A new Rotorua-based research project has been initiated, supported by the Sustainable Farming Fund (SFF), to investigate the ability of detainment bunds (DBs) to mitigate on-farm phosphorus losses.
Every year Lake Rotorua receives (on average) 23.4 tonnes of phosphorous from human activity which is about half of the total phosphorus inputs (48.7 T). This is about 0.36 kg of phosphorus lost from every hectare in the catchment. Detainment bunds can help reduce this flow of nutrients to the lake by temporarily detaining storm water run-off, allowing phosphorus laden particles to settle out. The SFF project aims to validate the performance of DBs in terms of kilograms of phosphorus retained on farm and prevented from entering waterways. DBs are not farm ponds as no pasture is taken out of production.
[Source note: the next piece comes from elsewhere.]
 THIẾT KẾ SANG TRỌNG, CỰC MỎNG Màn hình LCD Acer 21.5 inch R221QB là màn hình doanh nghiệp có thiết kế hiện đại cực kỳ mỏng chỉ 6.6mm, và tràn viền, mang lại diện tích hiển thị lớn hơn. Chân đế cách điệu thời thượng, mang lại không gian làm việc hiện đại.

The 20th Rotorua District DB was completed on a Rerewhakaaitu farm last month. Six of these existing DBs, including several in the Lake Rotorua catchment, will be the trial sites for SFF project over the next three years.
An inaugural meeting of the landowners who initiated the SFF bid was held recently. An executive committee and a local project manager were selected and the project was renamed the Phosphorus Mitigation Project. The new governance group, chaired by Lachlan McKenzie, felt the former ‘The P-Project’ name had too many other connotations! The next task of this governance group is to form a Science Advisory Team that will finalise the project methodology.
Lachlan says “Rotorua Farmers need to have practical and proven tools to reduce nutrient losses from their farms. It’s great to have a local project that focuses on phosphorus as most recent research in the Lake Rotorua catchment has been about nitrogen”.
The project is to build on past research including a 2013 Master’s Thesis on Rotorua DBs. The new project will provide much more quantitative DB performance data. A PhD student is being sought to work on the project for 3 years. The aim is to have a six fold increase in DB data sets (from 15 to 90) allowing close scrutiny of DB performance.
There are some very specific design criteria for DBs to achieve adequate particle settling. GIS analysis of farm topography is needed to identify sites with a DB storage ratio of at least 120 cubic meters of storage per hectare of contributing catchment. DBs must be managed carefully during storms with the outflow plugged to catch the first flush of storm water that contains about 80% of the nutrients washed off during a storm event.
Project co-funders are matching the SFF grant 50:50 with significant contributions from DairyNZ, BOPRC, Ballance Agri-Nutrients, ECan, Beef + Lamb and the Deer industry. The total cash budget is over $400,000 and additional in-kind contributions are valued at $200,000. The project is expected to start in July when the contract gets the final sign-off from the SFF administrators.